◆ **To do**
Although the entries contain pictures, your copy should hold only their exact text.

[Collected data entries]
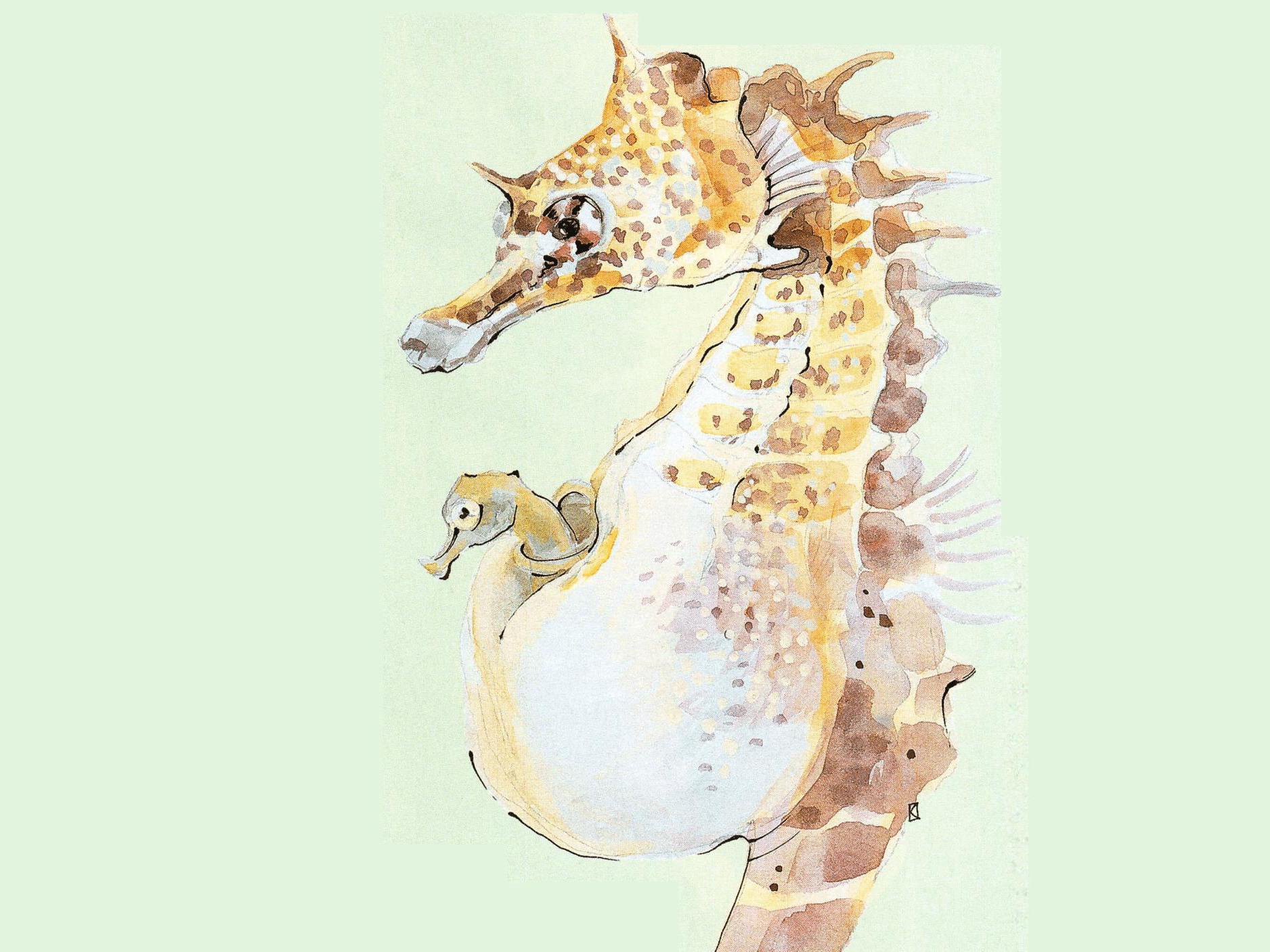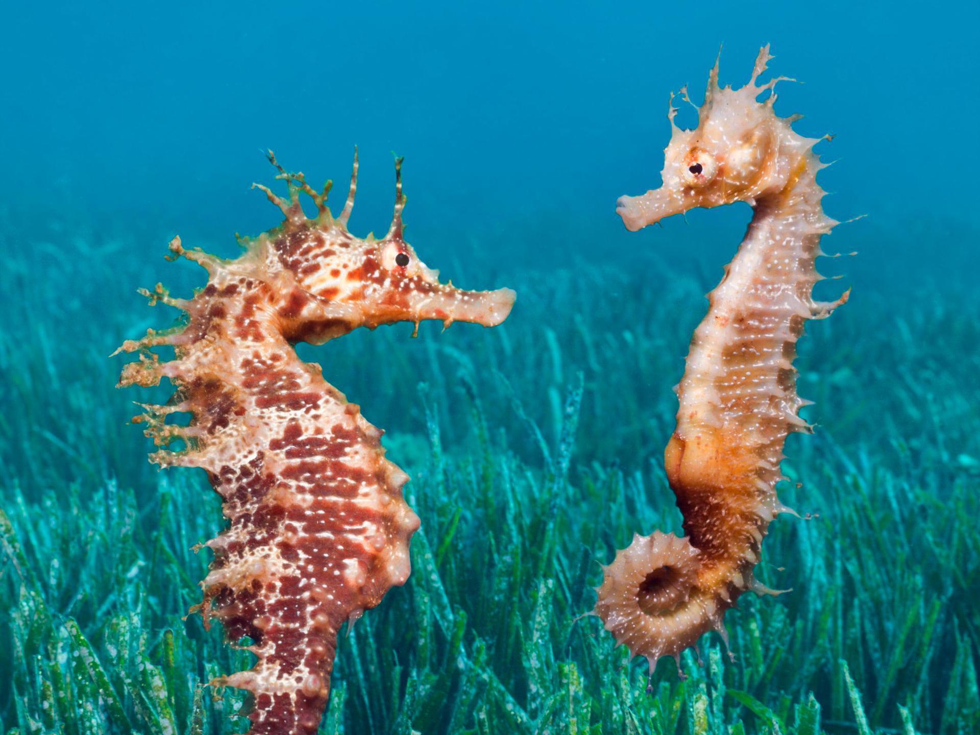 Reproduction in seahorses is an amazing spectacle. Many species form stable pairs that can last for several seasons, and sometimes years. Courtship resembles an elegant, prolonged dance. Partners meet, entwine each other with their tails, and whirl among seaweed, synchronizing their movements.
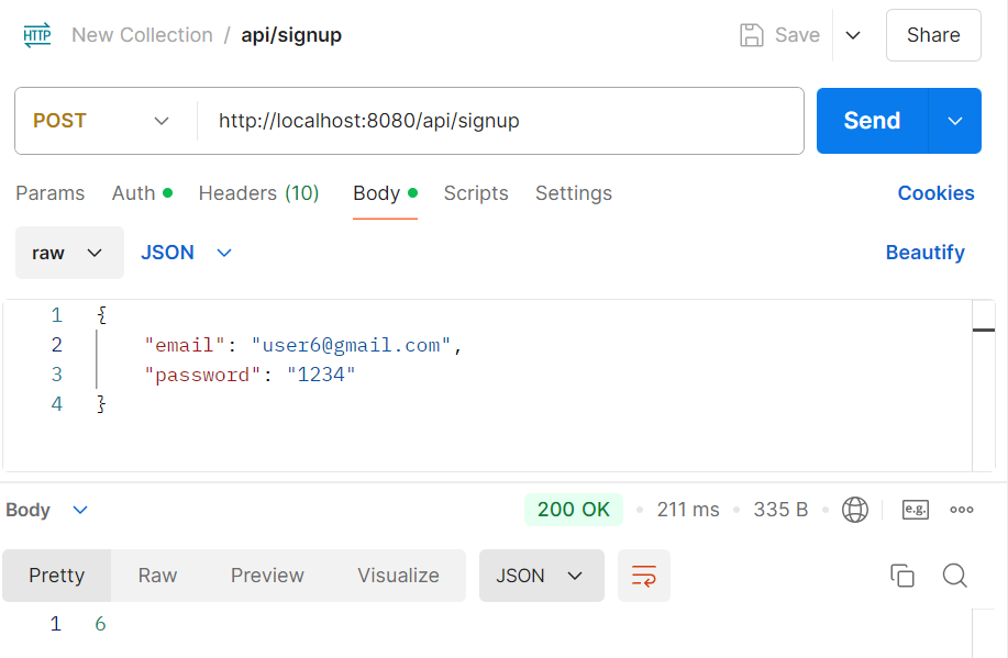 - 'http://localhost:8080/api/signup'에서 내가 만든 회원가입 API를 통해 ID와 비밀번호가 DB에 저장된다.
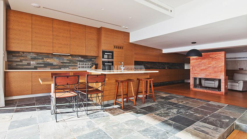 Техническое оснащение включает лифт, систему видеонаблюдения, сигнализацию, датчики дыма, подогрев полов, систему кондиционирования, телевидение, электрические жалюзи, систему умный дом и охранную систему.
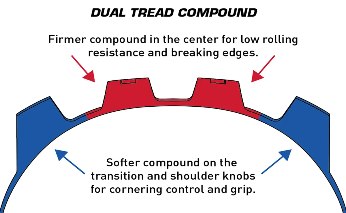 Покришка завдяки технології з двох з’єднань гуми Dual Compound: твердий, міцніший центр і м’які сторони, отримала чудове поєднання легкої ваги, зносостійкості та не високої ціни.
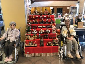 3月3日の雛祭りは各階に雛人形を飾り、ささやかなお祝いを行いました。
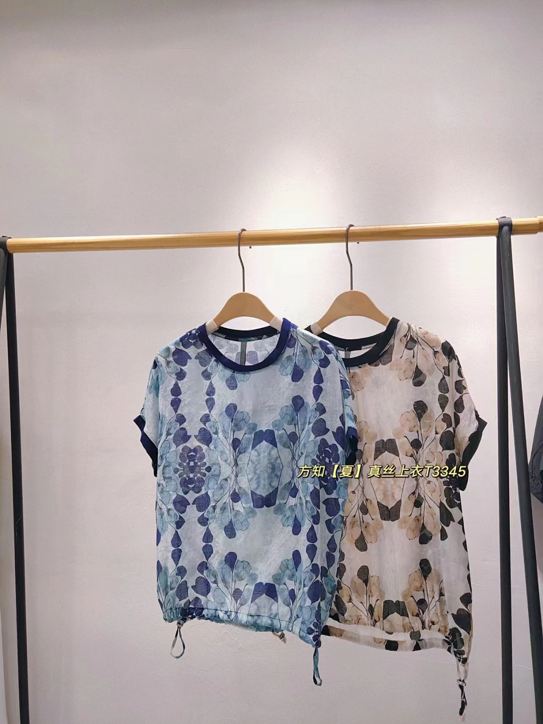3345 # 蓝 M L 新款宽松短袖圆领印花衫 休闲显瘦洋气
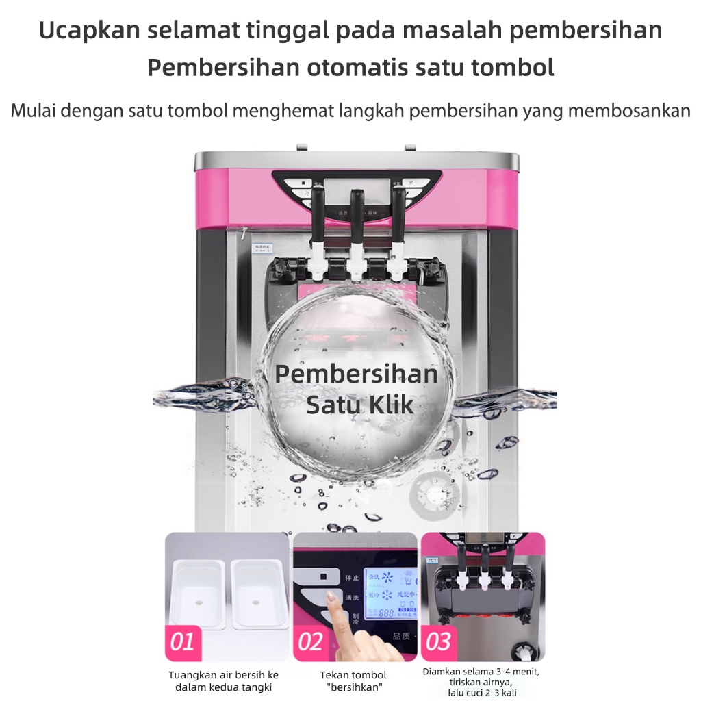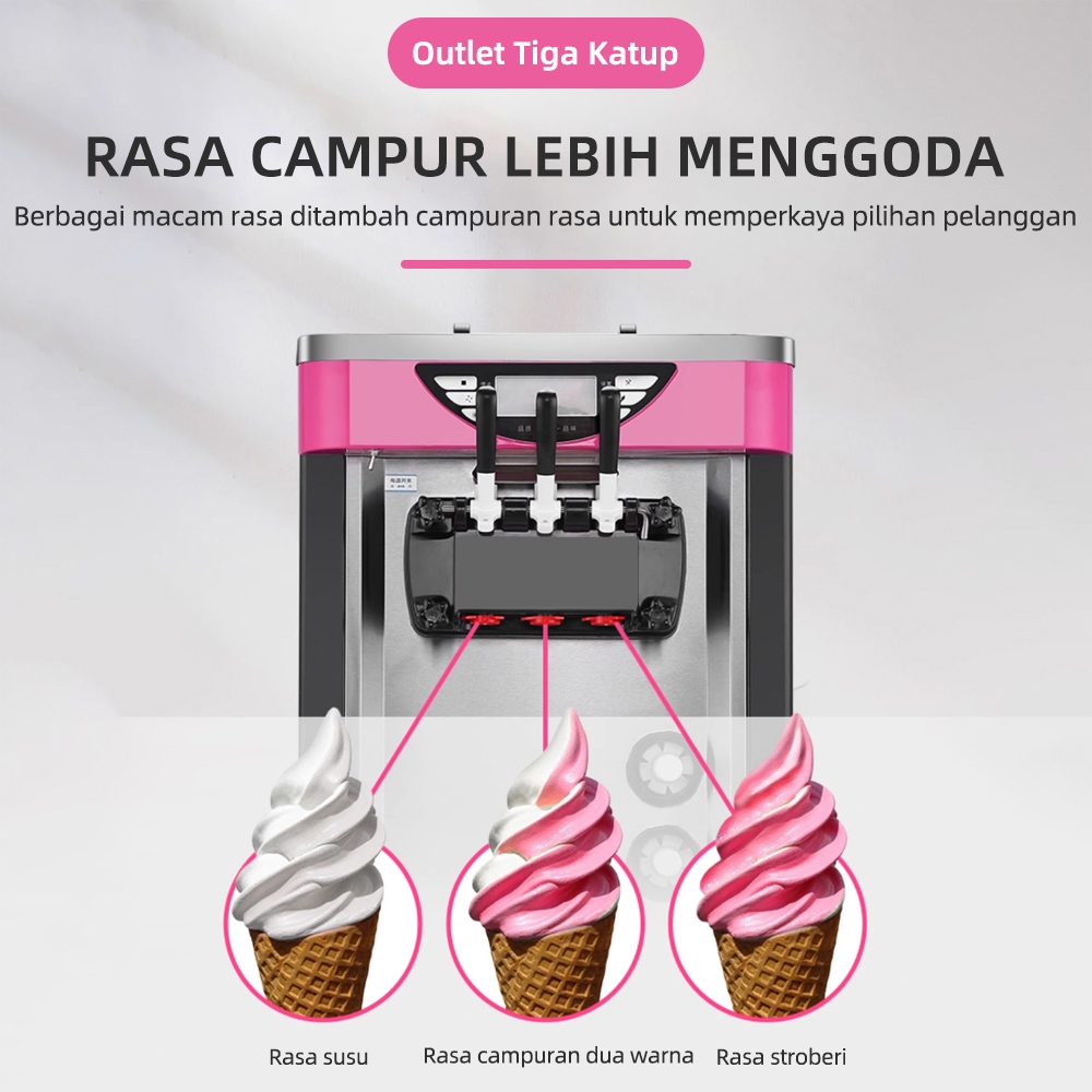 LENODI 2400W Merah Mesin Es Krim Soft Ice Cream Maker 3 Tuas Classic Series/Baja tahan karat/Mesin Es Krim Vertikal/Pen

◆ **Written response**
 Reproduction in seahorses is an amazing spectacle. Many species form stable pairs that can last for several seasons, and sometimes years. Courtship resembles an elegant, prolonged dance. Partners meet, entwine each other with their tails, and whirl among seaweed, synchronizing their movements.
 - 'http://localhost:8080/api/signup'에서 내가 만든 회원가입 API를 통해 ID와 비밀번호가 DB에 저장된다.
 Техническое оснащение включает лифт, систему видеонаблюдения, сигнализацию, датчики дыма, подогрев полов, систему кондиционирования, телевидение, электрические жалюзи, систему умный дом и охранную систему.
 Покришка завдяки технології з двох з’єднань гуми Dual Compound: твердий, міцніший центр і м’які сторони, отримала чудове поєднання легкої ваги, зносостійкості та не високої ціни.
 3月3日の雛祭りは各階に雛人形を飾り、ささやかなお祝いを行いました。
3345 # 蓝 M L 新款宽松短袖圆领印花衫 休闲显瘦洋气
 LENODI 2400W Merah Mesin Es Krim Soft Ice Cream Maker 3 Tuas Classic Series/Baja tahan karat/Mesin Es Krim Vertikal/Pen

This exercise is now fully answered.